▶ **TASK REQUIREMENTS**: Pictures aside, reproduce exactly and only the lines below, starting at the one containing "HTML é uma linguagem" and ending at the last line.

================================

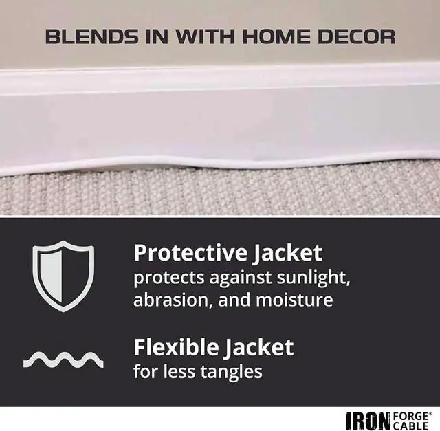3 OUTLETS IN 1: Multiple outlets extension cord for simultaneous multiple use. The white cable blends into your homes decor. BUILT TO LAST - High quality vinyl covering of this plug extender protects cord against moisture, water, snow, abrasion and sunlight. Remain flexible and tangle-free and wouldnt become stiff or crack in cold weather.
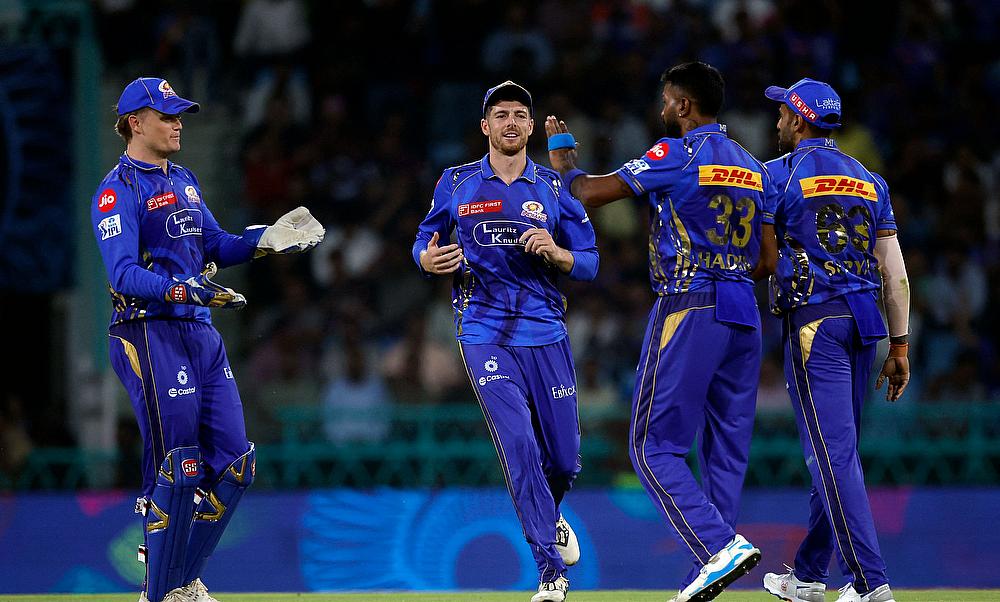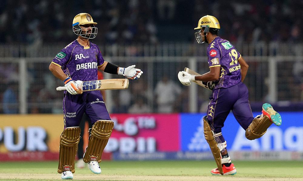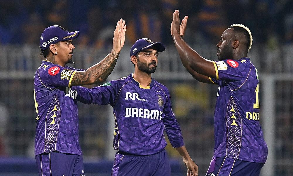 Kolkata Knight Riders' Andre Russell celebrates with teammates after taking the wicket of Sunrisers Hyderabad's Nitish Kumar Reddy, caught by Sunil Narine
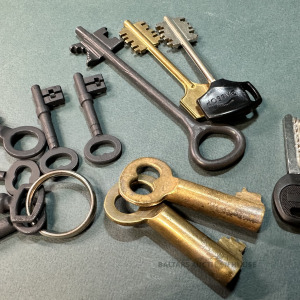 Dažādas atslēdziņas, senās, melnais metāls bez rūsām, seifa atslēgas, mūsdienīgas, 3 gb bronza, kopā 13 gb., kopā 300 grami.
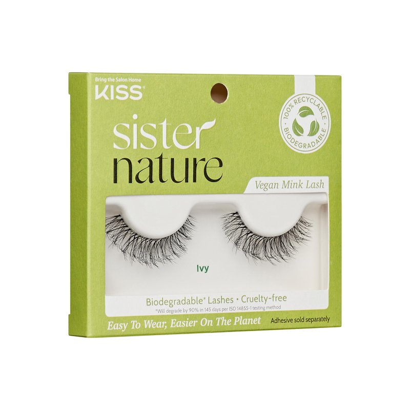KISS Sister Nature Vegan, False Eyelashes, 'Ivy', 14 mm, Includes 1 Pair Of Lash, Contact Lens Friendly, Easy to Apply, Reusable Strip Lashes
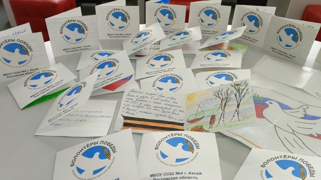 В завершение урока волонтёры вручили ученикам открытки с символикой движения, чтобы дети могли выразить свои тёплые пожелания защитникам Отечества.
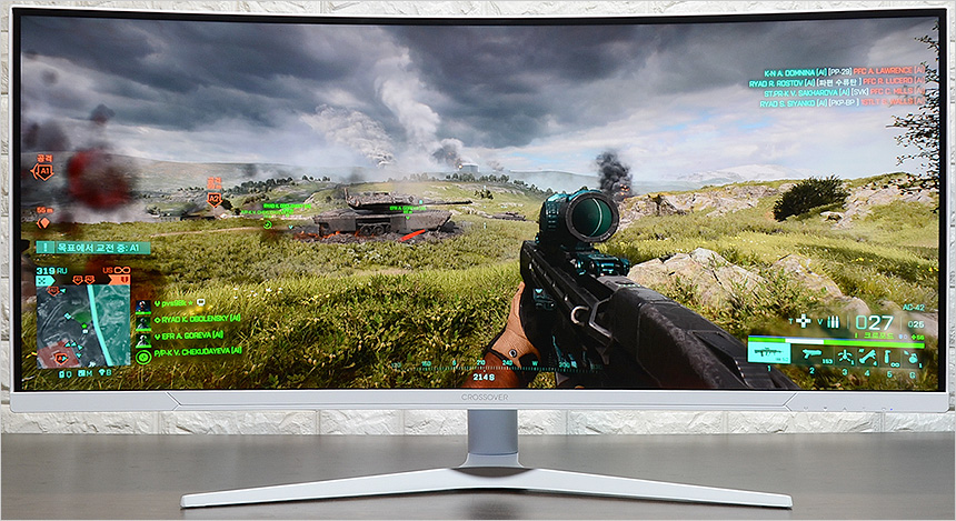 200Hz 주사율과 1ms 응답속도를 지원하는 게이밍 모니터로 FPS 게임 오버워치 2 와 배틀필드 2042를 먼저 실행해 보았다. (참고로 두게임 모두 21:9 비율을 지원해 풀화면으로 게임을 즐길 수 있었다.) 60Hz 일반 모니터는 물론 144Hz 주사율 지원 보급형 게이밍 모니터와 움직임에서 분명한 차이를 느낄 수 있었으며 높은 밝기를 지원해 어두운 실내에서도 확연하게 캐릭터를 구분할 수 있었다. 또한 조준선을 적용할 수 있어 사격 정확성을 높일 수 있었다. (참고로 일반 조준선 뿐만 아니라 배경에 따라 조준선의 컬러가 달리해 시인성을 높여주는 Ai 조준선도 지원한다.)
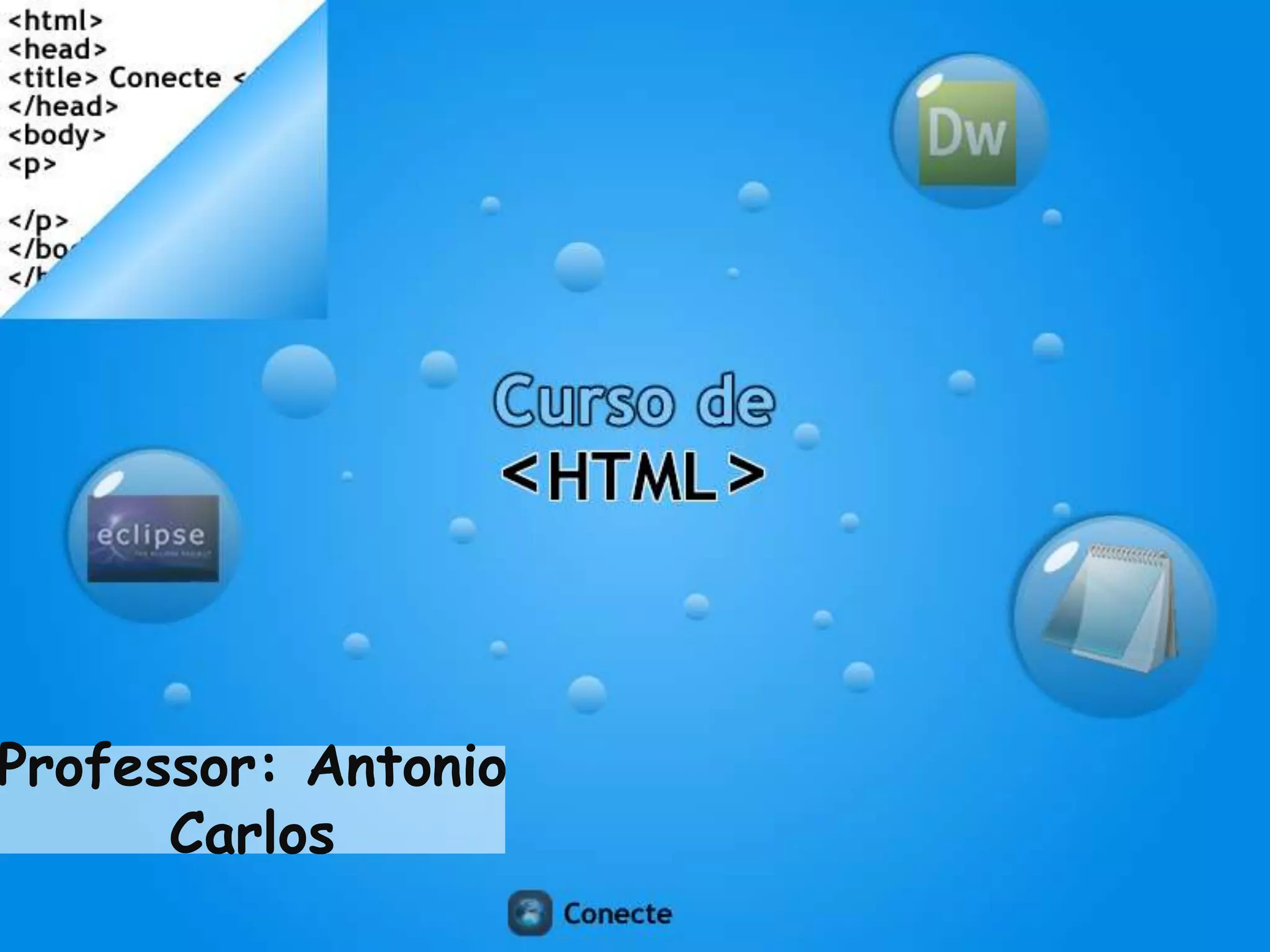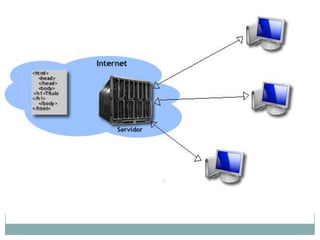 HTML é uma linguagem de marcação usada para criar páginas da web. Foi criada por Tim Berners-Lee e permite que documentos sejam interpretados por navegadores. Servidores web aguardam solicitações de browsers para entregar páginas, imagens, sons e vídeos.
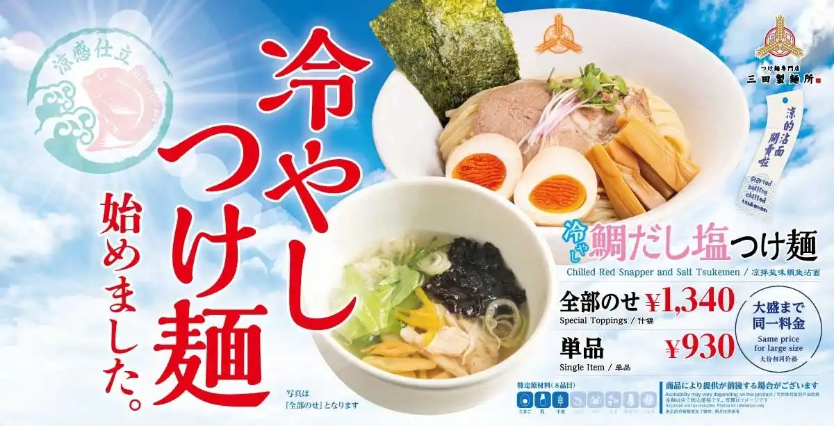初夏から夏の暑さが残る時期まで、長く楽しめる三田製麺所の夏の定番を、ぜひご賞味ください。 |

================================

▶ **OUTPUT FOR THIS TASK**:
 HTML é uma linguagem de marcação usada para criar páginas da web. Foi criada por Tim Berners-Lee e permite que documentos sejam interpretados por navegadores. Servidores web aguardam solicitações de browsers para entregar páginas, imagens, sons e vídeos.
初夏から夏の暑さが残る時期まで、長く楽しめる三田製麺所の夏の定番を、ぜひご賞味ください。 |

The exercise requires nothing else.